Oklahoma based Chesapeake Energy has revealed plans to sell US$ 4 billion worth of assets to fill a funding gap of approximately US$ 10 billion.
The company, which is undergoing intense scrutiny in the wake of revelations about CEO Aubrey McClendon financial activities, has announced that it plans to sell limited partner units and general partner interests in a subsidiary known as Chesapeake Midstream Partners LP. The sale will be made to GIP for US$ 2 billion.
Chesapeake has also entered into another agreement with GIP that will see the sale of gathering and processing assets and a stake in another subsidiary, Chesapeake Midstream Development LP. If these two sales go ahead, they should net at least a further US$ 2 billion.

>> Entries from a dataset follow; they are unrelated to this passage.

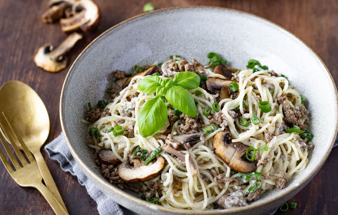 In der Zwischenzeit die Bolognese Sauce zubereiten. Dafür etwas Ölspray in die Pfanne geben, das Hackfleisch von allen Seiten braun anbrutzeln und schließlich die Zwiebeln, Lauchzwiebelringe sowie Champignons ebenfalls dazugeben.
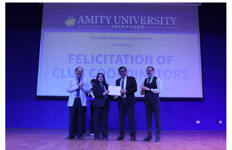 रांची : एमिटी यूनिवर्सिटी झारखंड के विज़न एवं मिशन के अनुरूप तथा इसके संस्थापक अध्यक्ष एवं कुलाधिपति के आशीर्वाद से,स्टूडेंट वेलफेयर डिपार्टमेंट (SWD)द्वारा23अप्रैल2026को यूनिवर्सिटी क्लब कोऑर्डिनेटर्स2025-26,नेशनल एजुकेशन पॉलिसी (NEP)सारथी2025-26का सम्मान समारोह आयोजित किया गया.इसके साथ ही संगठन2025के विजेताओं को भी सम्मानित किया गया.
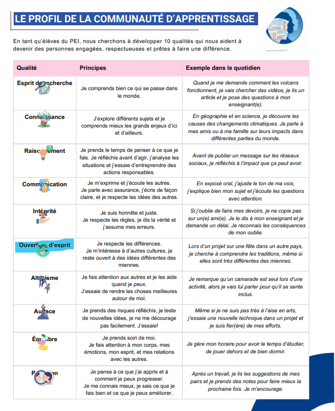 En fait, j'ai trois questions à vous poser, car j'ai absolument besoin de votre aide.1)Que veut dire l'ouverture d'esprit ( Qualité du profil de l'apprenant ) dans PEI ?2)Pourquoi est-ce l'ouverture d'esprit est important dans le monde ( dans notre société ) ?3)Comment est-ce que l'ouverture d'esprit impact la vie des autres ? ( Merci beaucoup àGalaxieLambda6093de m'expliquer en détail, mais je n'ai pas compris, est-ce que ce serait possible de m'expliquer avec des mots faciles s.v.p si cela ne vous dérange pas ? )
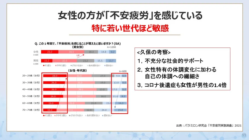 また、男性に比べて女性の「不安疲労」の割合が高く、20代・30代の若い層ほど敏感に「不安疲労」を感じていることが明らかになったことを紹介し、その背景について考察がありました。久保医師は(1)不十分な社会的サポート、(2)女性特有の体調変化に加わる自己の体調への繊細さ、(3)コロナ後遺症も女性が男性の1.4倍であることの3つの視点から女性が不安疲労に陥りやすい要因について解説しました。
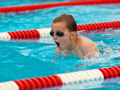 Child swimming in race
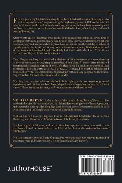 For ten years, my life has been a fog. It has been filled with dreams of having a baby to finding out we can't to journeying through many years of IVF to the loss of a baby at nineteen weeks, and to finally creating two beautiful baby boys who completed our lives. In those ten years, I have lost touch with who I am, what I enjoy, and how I want to live my life. After twenty years of teaching, I was ready for an educational sabbatical. It was time to develop myself more professionally, take time to slow down, and determine what was next in my career. However, when my two boys got on the bus the first day of school of my sabbatical, I sat in silence. A surge of emotions overcame my body and mind, and at that moment, I realized I had completely lost touch with who I am. My children overtook my life, and it left no time for me. Thus, I began my blog that included a plethora of life experiences that were dormant in my subconscious but waiting to resurface. I dug deep. Memory after memory, I experienced a conglomeration of emotions that needed a medium to communicate themselves. Just one entry into "Mom of Goats," I received so much feedback that I continued to write. These iterations connected me with so many people, and the mutual respect we had for each other resonated so loudly. My blog has transformed into this book. It is replete with raw emotion, personal experiences, and life lessons that I have adopted since recognizing the need to reinvent myself. Please enjoy my journey, and I hope to connect with you as well.
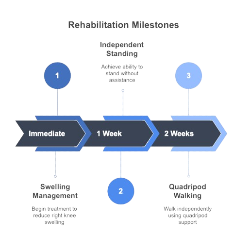 At the time of discharge, he was hemodynamically stable, was able to sit and stand independently. He was independent for activities of daily living. Significant reduction in Knee swelling & pain was n oted and he was a ble to walk with Q uadri pod support.
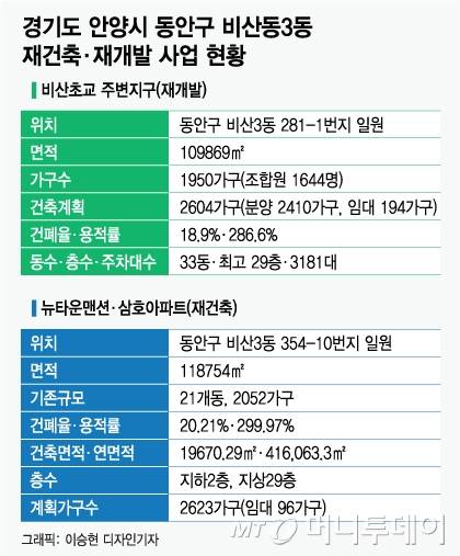 두 아파트 모두 '비산초교주변지구주택재개발사업'에 속해 있다. 이곳 개발 사업은 지난 2월 안양시로부터 사업시행계획인가를 받았고, 현재 조합원 대상의 분양 신청 접수가 진행되고 있다.
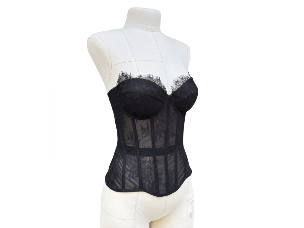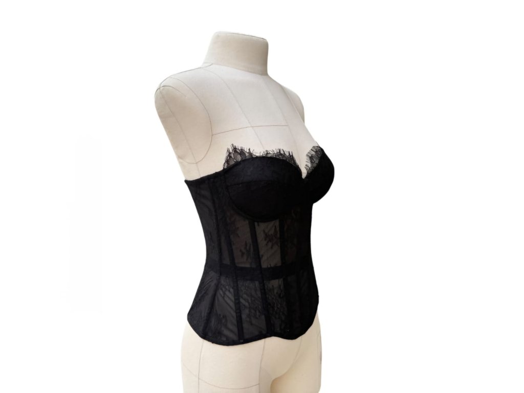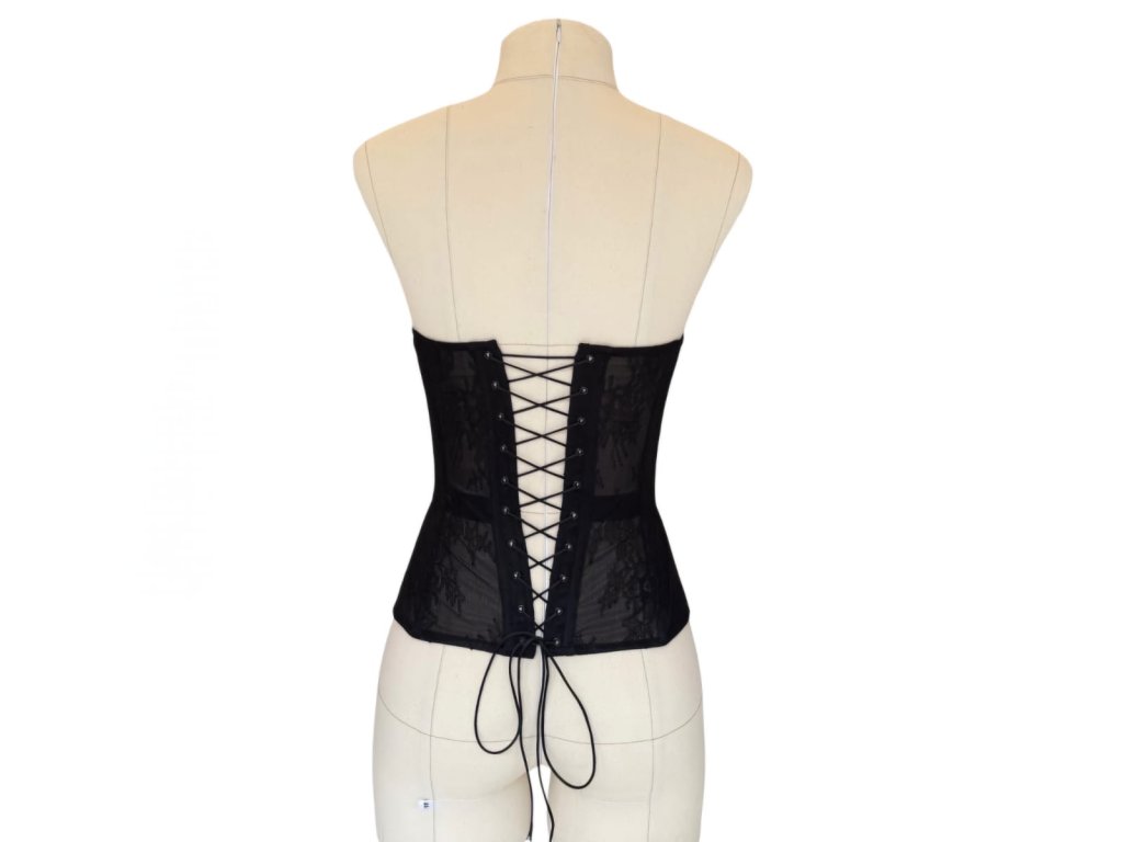 Napůl průhledný korzet v černé barvě . Korzet je ušitý ze speciálního tylu, zdobený jemnou krajkou francouzského typu s květinovým motivem, je vyztužený kosticemi, které vypomáhají ke správnému držení těla a vytvarovaní ženské siluety. Šněrovaní na zadním díle korzetu, koriguje šíři. Tento černý korzet můžete kombinovat se sukní, kalhotami nebo nosit pod sako. Skvělý základ pro tvorbu originálního večerního či svatebního outfitu.
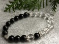 Náramek z kuliček černého onyxu a křišťálu (8 mm), šatonových rondelek a kuliček z nerez oceli. Náramek je pružný - cca 18 cm
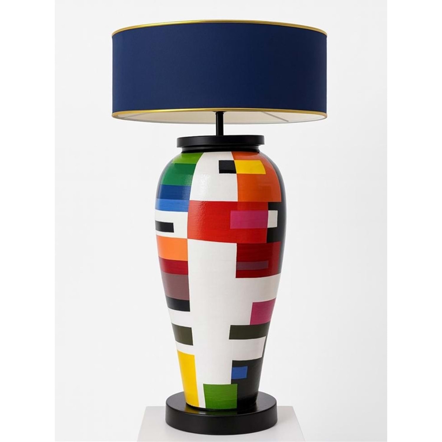 Siyah Çizgi Desenli Abajur 85 cm
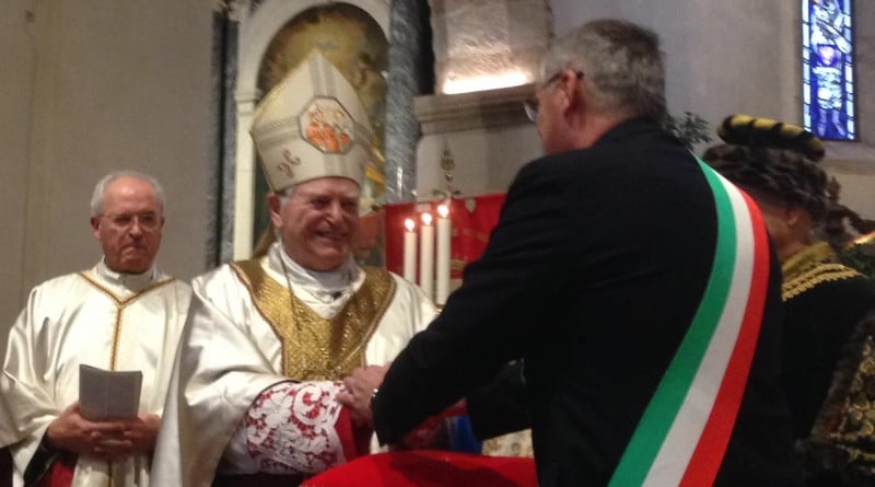 Una cerimonia quella andata in scena nella cittadina pedemontana che ha visto grande partecipazione di pubblico e cittadini, incominciata al mattino con il ritrovo sotto il loggione di Palazzo Boton e l’avvio del corteo aperto dalle delegazioni in costume storico giunte da Conegliano, Spilimbergo, Vicenza, Precenicco, Premariacco, Marano Lagunare, Strassoldo e Tricesimo. Quindi il sindaco Paolo Urbani, accompagnato dal Capitano del Popolo e dal paggetto con il Tallero d’argento, hanno fatto il loro ingresso in Duomo tra gli squilli delle trombe per poi attendere il momento più sentito, quello della consegna della moneta di Maria Teresa d’Austria, simbolo della rinnovata collaborazione tra Amministrazione comunale e Chiesa locale, rappresentata oltre che da Brollo anche dall’Arciprete Monsignor Valentino Costante.
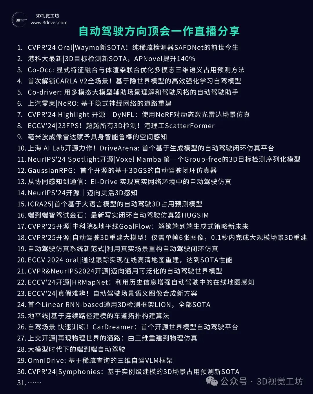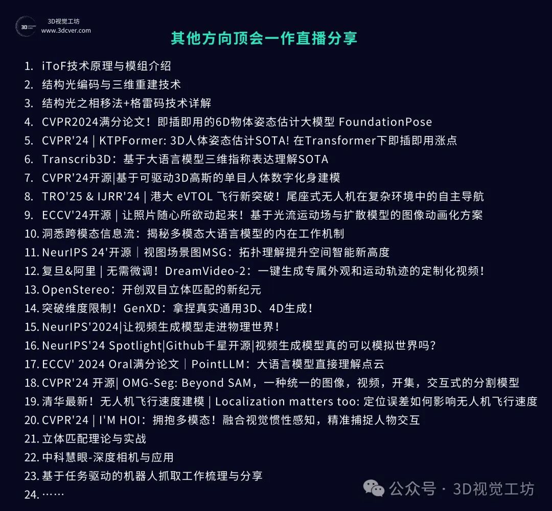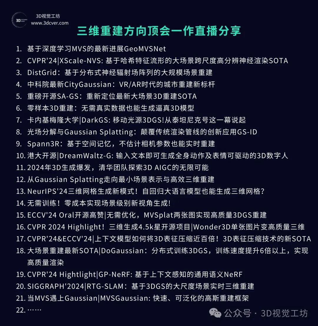 星球内已沉淀近超过100场3D视觉顶会论文直播回放,内容覆盖具身智能、自动驾驶、三维重建、数字人、扩散模型、3D生成等前沿领域。
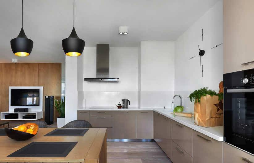 - Гладкое покрытие подойдет для разных интерьеров. Яркий кухонный гарнитур и текстиль уравновесят гладкие стены в спокойной цветовой гамме. А минималистичный интерьер с мебелью в стиле хай-тек разбавят стены сочных цветов.
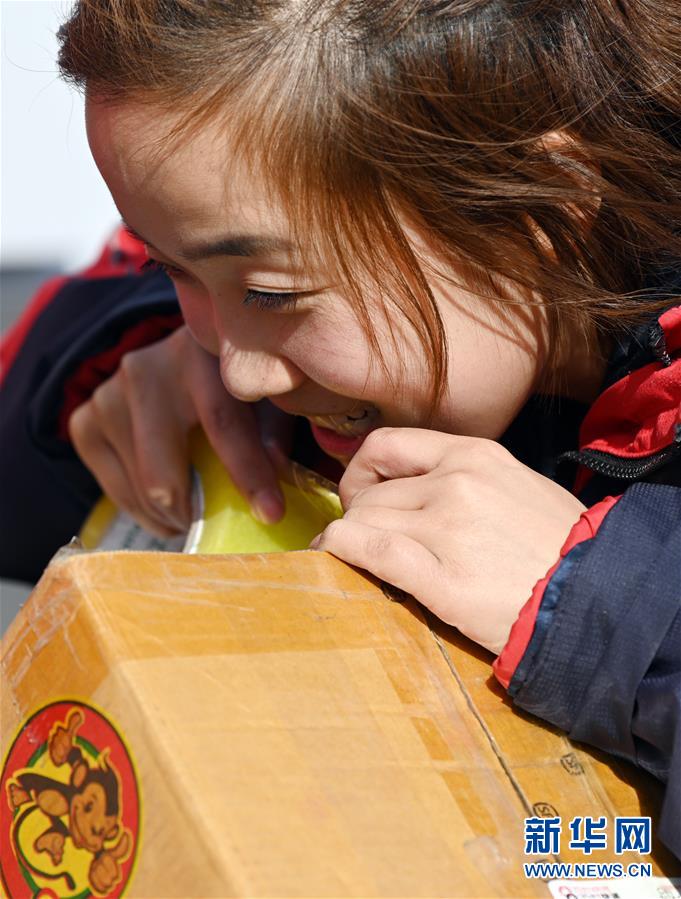 3月5日,快递员高静打包上门取件的包裹。新华社记者金良快摄

The company has also announced it is looking for a partner in the Mississippi Lime basin as well as outlining plans to sell 1.5 million acres of the Permian basin and a further 337 000 acres in Ohio. According to McClendon, the sale of Permian acreage and the hunt for a joint venture partner should both have been completed by the end of this year.
Fadel Gheit, an analyst for Oppenheimer & Co was recorded by Reuters saying that, “We have not seen a fire sale … we are not out of the woods yet … You are still talking about a huge, huge capital spending deficit.”